The answer must consist of every line in the records that contains the word "mais".

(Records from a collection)
- Opening Delimiter -

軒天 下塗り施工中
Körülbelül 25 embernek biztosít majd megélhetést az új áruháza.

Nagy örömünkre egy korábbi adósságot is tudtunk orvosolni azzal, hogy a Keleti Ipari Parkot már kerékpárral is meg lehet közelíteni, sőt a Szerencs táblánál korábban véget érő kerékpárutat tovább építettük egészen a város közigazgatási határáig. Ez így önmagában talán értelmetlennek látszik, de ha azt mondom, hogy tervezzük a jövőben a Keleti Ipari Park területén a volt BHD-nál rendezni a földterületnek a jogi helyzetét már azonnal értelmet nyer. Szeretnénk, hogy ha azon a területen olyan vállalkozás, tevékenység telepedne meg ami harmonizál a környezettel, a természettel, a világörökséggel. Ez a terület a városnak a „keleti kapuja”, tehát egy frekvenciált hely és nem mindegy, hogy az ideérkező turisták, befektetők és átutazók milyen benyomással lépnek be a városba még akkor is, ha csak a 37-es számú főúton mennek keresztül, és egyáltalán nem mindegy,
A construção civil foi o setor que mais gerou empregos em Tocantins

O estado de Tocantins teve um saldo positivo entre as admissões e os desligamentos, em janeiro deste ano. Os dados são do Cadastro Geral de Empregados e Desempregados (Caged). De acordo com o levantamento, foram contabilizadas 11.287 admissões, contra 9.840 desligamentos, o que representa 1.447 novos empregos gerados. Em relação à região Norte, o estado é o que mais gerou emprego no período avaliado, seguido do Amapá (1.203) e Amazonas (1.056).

- Closing Delimiter -
- Opening Delimiter -

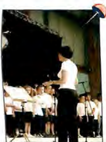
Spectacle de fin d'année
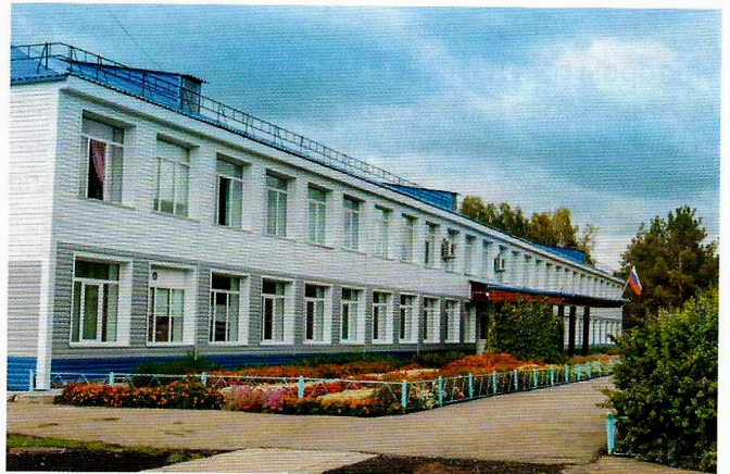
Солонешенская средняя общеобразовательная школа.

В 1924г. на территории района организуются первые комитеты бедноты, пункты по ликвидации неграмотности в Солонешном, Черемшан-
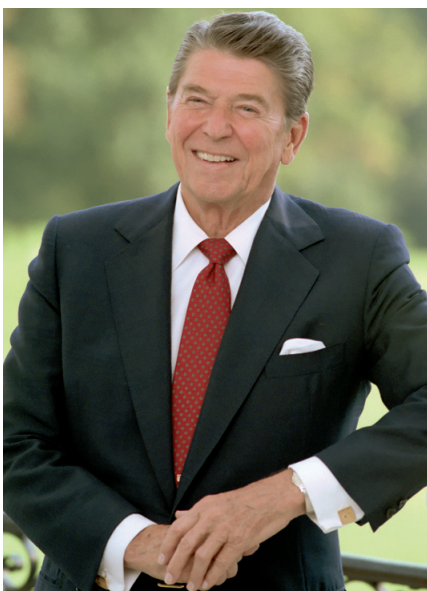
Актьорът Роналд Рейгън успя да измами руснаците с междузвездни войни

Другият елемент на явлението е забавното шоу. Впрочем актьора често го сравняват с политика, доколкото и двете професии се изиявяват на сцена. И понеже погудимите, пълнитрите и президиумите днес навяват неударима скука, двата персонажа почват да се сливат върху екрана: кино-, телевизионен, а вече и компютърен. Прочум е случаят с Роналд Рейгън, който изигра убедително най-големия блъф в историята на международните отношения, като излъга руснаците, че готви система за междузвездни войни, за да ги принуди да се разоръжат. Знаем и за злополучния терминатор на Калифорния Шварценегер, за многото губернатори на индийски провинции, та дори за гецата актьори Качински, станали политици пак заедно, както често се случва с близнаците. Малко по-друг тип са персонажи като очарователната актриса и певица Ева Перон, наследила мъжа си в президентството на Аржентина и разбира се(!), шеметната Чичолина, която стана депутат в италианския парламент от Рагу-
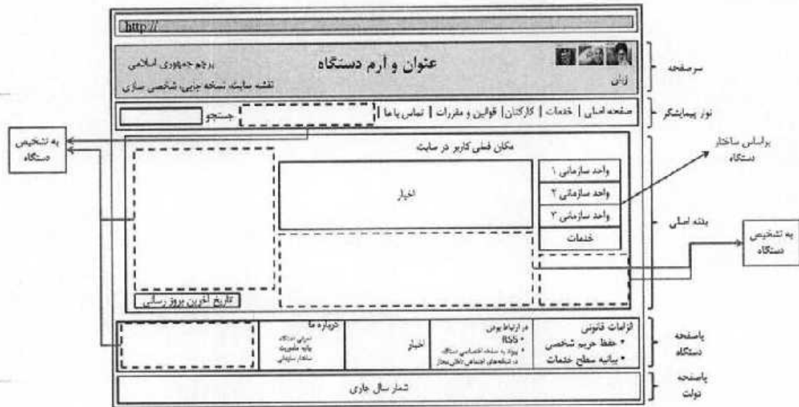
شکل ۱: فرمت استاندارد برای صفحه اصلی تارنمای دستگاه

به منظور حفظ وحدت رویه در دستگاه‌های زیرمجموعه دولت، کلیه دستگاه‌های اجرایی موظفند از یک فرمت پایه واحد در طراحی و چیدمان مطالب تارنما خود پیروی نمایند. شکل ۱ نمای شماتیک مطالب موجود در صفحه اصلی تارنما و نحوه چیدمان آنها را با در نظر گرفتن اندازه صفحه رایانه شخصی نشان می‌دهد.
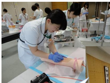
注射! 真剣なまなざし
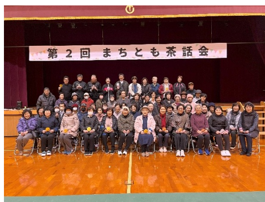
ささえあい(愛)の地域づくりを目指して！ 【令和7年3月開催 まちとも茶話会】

- Closing Delimiter -

### EXERCISE RESULT
A construção civil foi o setor que mais gerou empregos em Tocantins
O estado de Tocantins teve um saldo positivo entre as admissões e os desligamentos, em janeiro deste ano. Os dados são do Cadastro Geral de Empregados e Desempregados (Caged). De acordo com o levantamento, foram contabilizadas 11.287 admissões, contra 9.840 desligamentos, o que representa 1.447 novos empregos gerados. Em relação à região Norte, o estado é o que mais gerou emprego no período avaliado, seguido do Amapá (1.203) e Amazonas (1.056).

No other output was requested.